> _Aim of the task_
Look in the material below for the line holding "Конверт для денег". Set it down exactly, with each later line up to and including the line holding "删繁就简,以最经典的白色为主".

> _Available data_
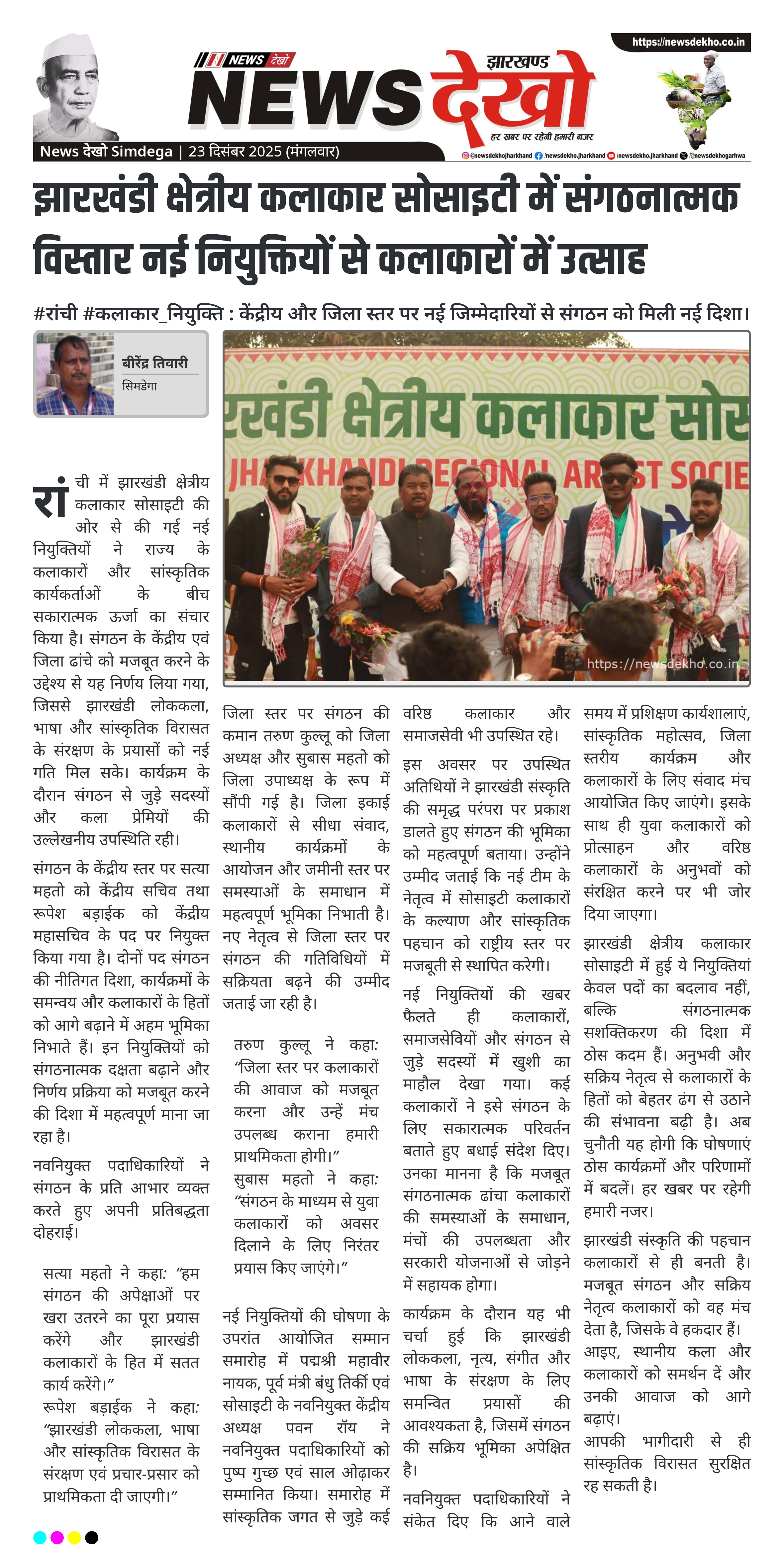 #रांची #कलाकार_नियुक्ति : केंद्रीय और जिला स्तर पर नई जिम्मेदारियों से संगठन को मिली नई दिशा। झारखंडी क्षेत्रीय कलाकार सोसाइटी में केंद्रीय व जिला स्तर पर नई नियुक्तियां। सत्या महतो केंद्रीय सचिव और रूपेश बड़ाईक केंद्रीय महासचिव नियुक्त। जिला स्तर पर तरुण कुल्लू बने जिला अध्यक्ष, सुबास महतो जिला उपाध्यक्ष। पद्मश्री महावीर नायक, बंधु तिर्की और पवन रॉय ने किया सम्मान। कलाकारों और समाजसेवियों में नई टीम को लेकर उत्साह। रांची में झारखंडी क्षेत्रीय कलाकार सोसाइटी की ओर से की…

...

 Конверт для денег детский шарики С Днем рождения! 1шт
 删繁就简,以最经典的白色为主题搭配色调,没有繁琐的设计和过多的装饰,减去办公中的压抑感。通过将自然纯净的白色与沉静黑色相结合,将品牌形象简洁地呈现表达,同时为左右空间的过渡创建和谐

> _Response_
 Конверт для денег детский шарики С Днем рождения! 1шт
 删繁就简,以最经典的白色为主题搭配色调,没有繁琐的设计和过多的装饰,减去办公中的压抑感。通过将自然纯净的白色与沉静黑色相结合,将品牌形象简洁地呈现表达,同时为左右空间的过渡创建和谐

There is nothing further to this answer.